- _How to complete this task_: What is needed is a word-for-word copy of the lines below from the one with "2分鐘前還洗衣機一個清新 ,一鍵免浸泡 洗衣機抑菌清潔液" through the one with "Gusto Womens Classic", both included, with every picture left out.

- _Supplied data_:
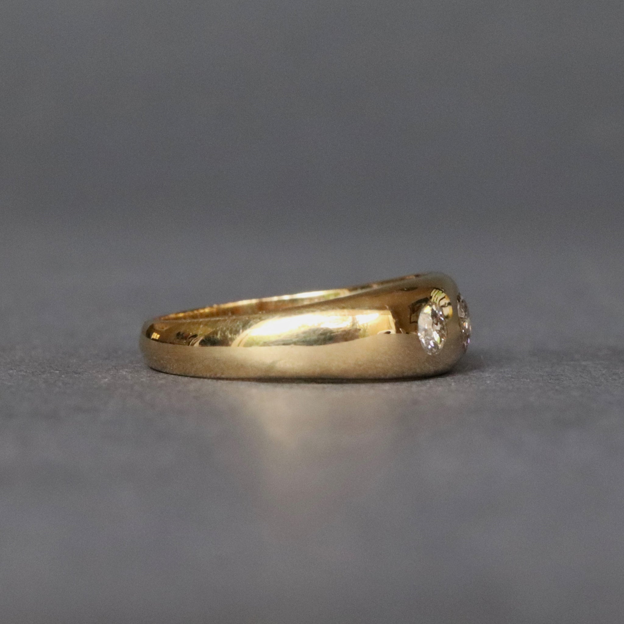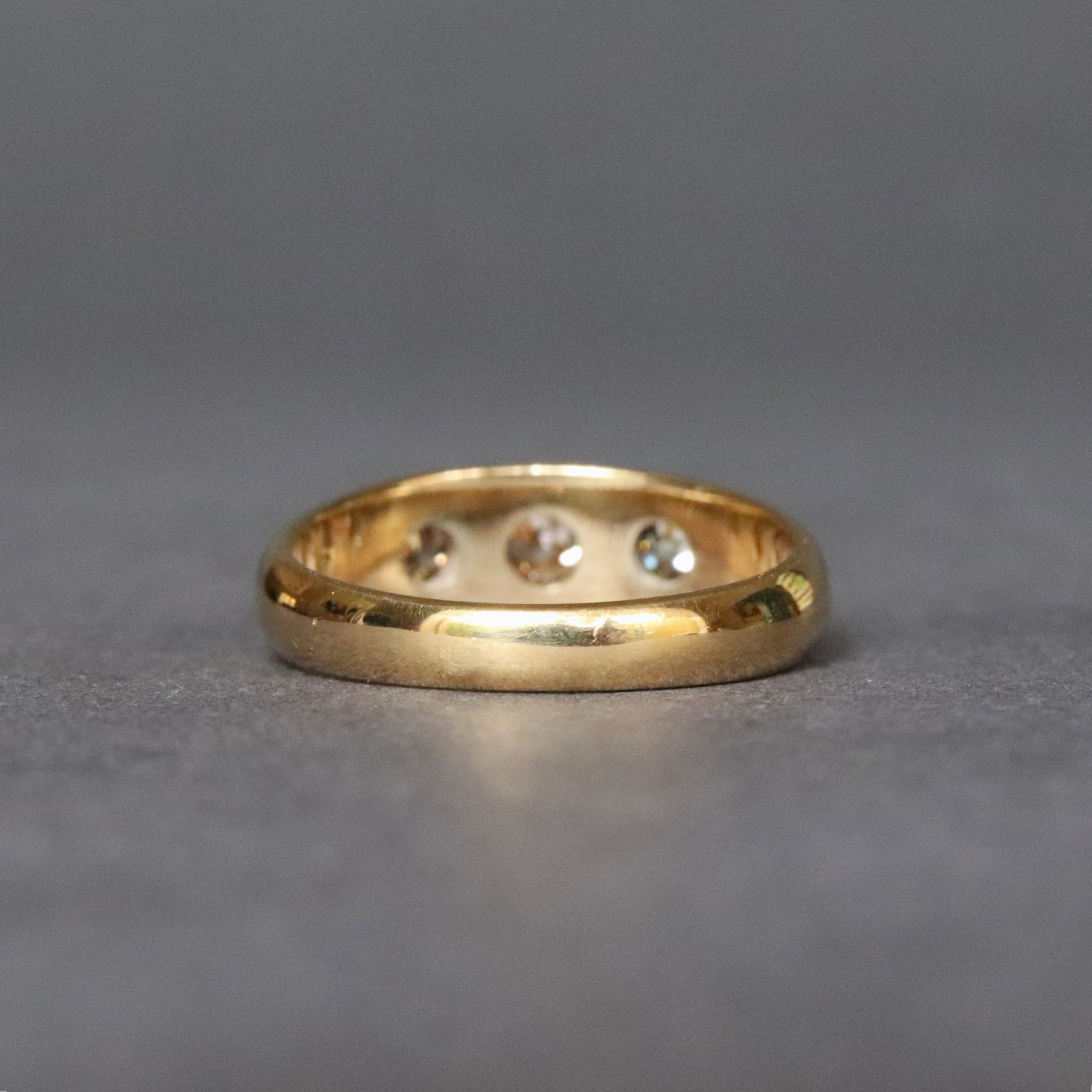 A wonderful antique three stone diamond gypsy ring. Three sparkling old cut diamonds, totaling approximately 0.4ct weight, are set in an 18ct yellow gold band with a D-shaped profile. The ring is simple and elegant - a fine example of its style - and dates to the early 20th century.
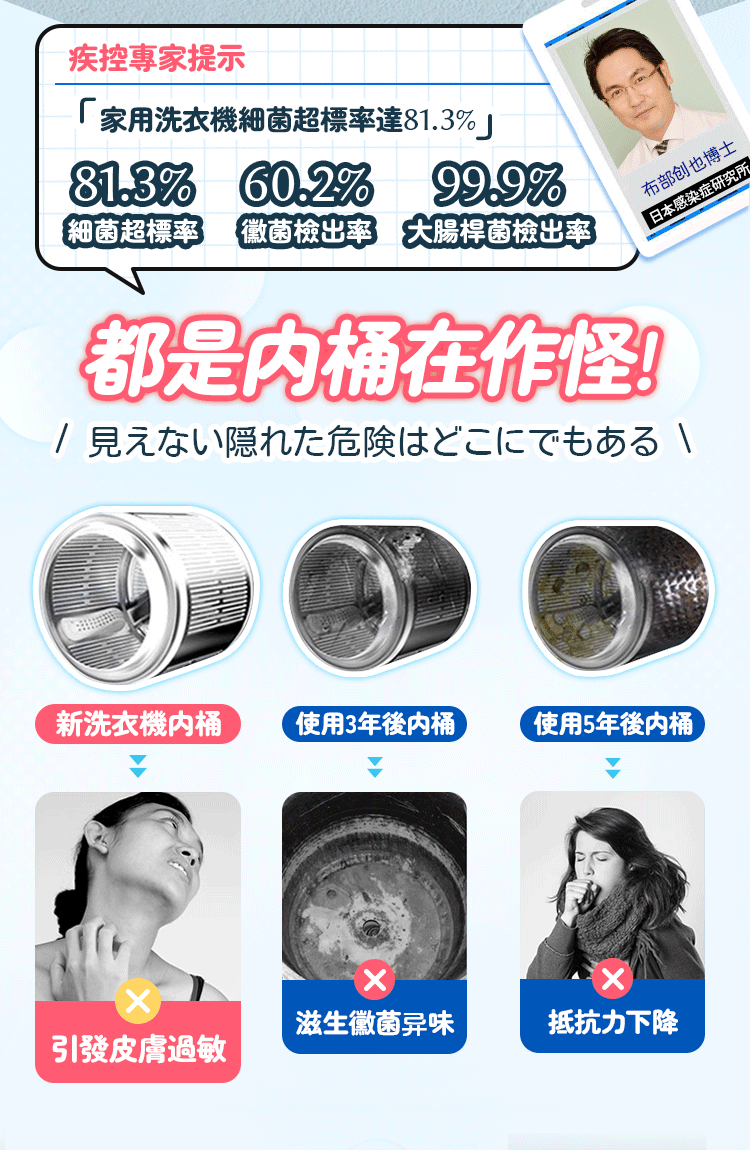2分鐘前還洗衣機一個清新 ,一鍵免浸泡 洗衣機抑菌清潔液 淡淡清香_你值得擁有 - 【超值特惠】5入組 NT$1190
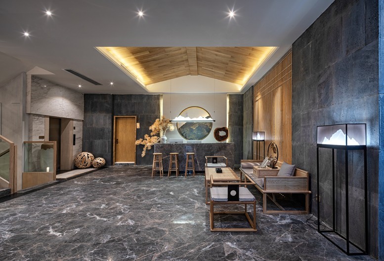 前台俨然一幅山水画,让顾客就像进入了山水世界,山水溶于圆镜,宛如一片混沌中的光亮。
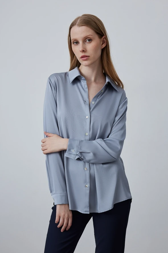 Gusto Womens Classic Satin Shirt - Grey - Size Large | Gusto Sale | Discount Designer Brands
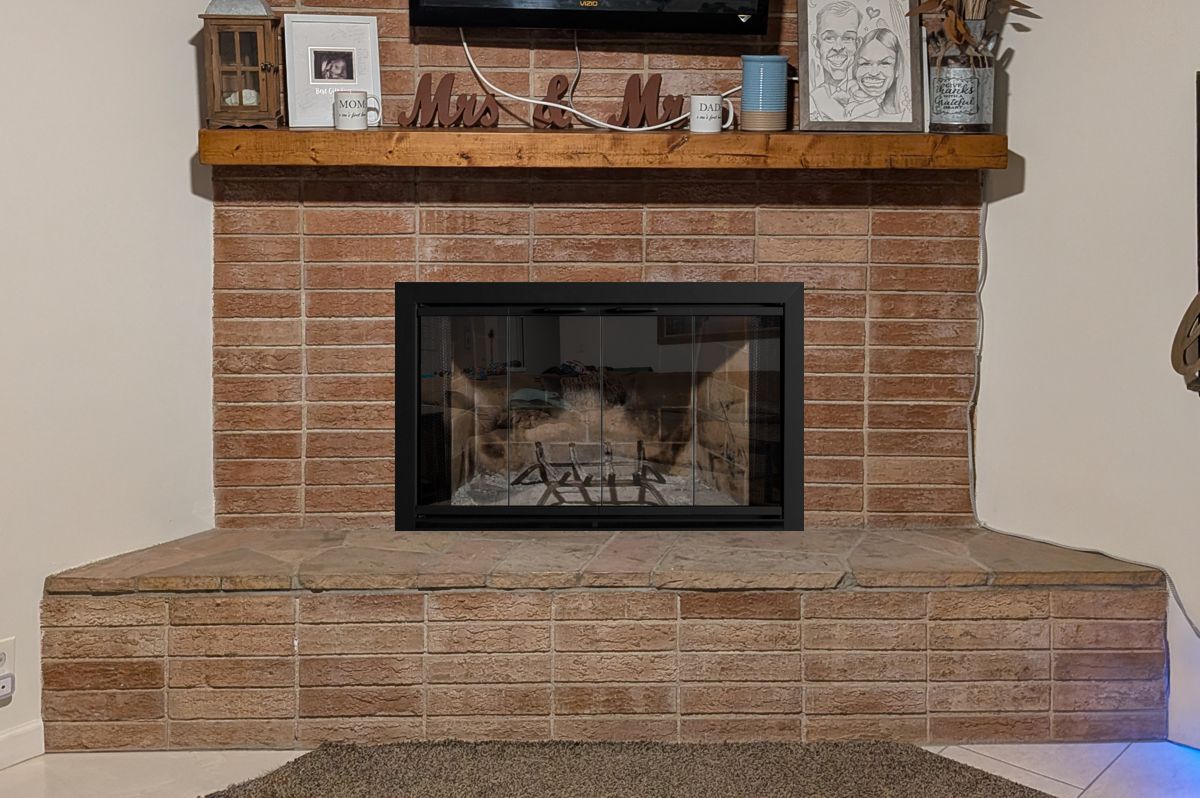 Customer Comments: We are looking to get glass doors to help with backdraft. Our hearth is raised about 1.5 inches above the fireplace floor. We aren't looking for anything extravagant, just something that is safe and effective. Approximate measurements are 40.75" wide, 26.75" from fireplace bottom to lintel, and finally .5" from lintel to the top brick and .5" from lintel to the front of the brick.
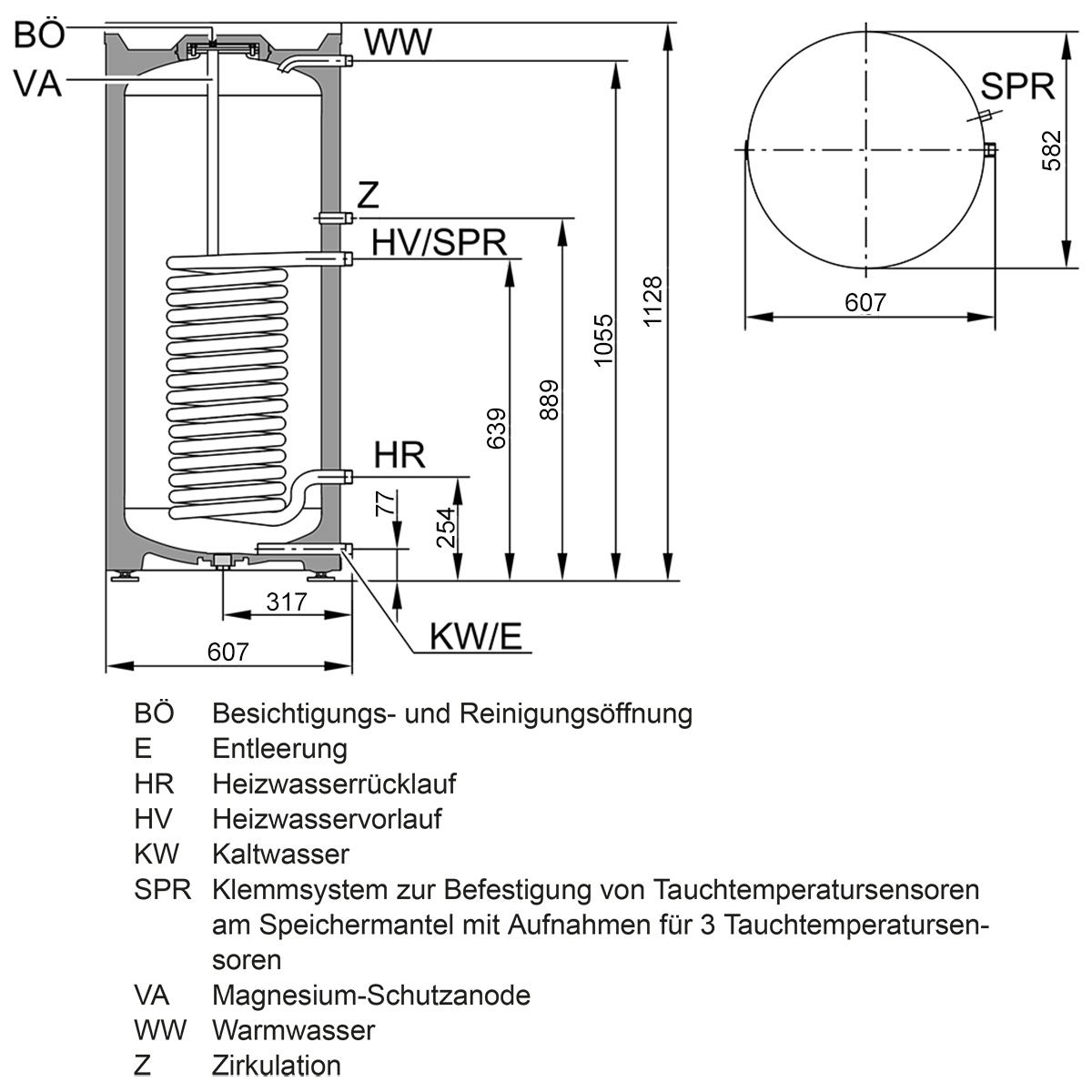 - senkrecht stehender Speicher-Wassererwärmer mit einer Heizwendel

- _Response area_:
2分鐘前還洗衣機一個清新 ,一鍵免浸泡 洗衣機抑菌清潔液 淡淡清香_你值得擁有 - 【超值特惠】5入組 NT$1190
 前台俨然一幅山水画,让顾客就像进入了山水世界,山水溶于圆镜,宛如一片混沌中的光亮。
 Gusto Womens Classic Satin Shirt - Grey - Size Large | Gusto Sale | Discount Designer Brands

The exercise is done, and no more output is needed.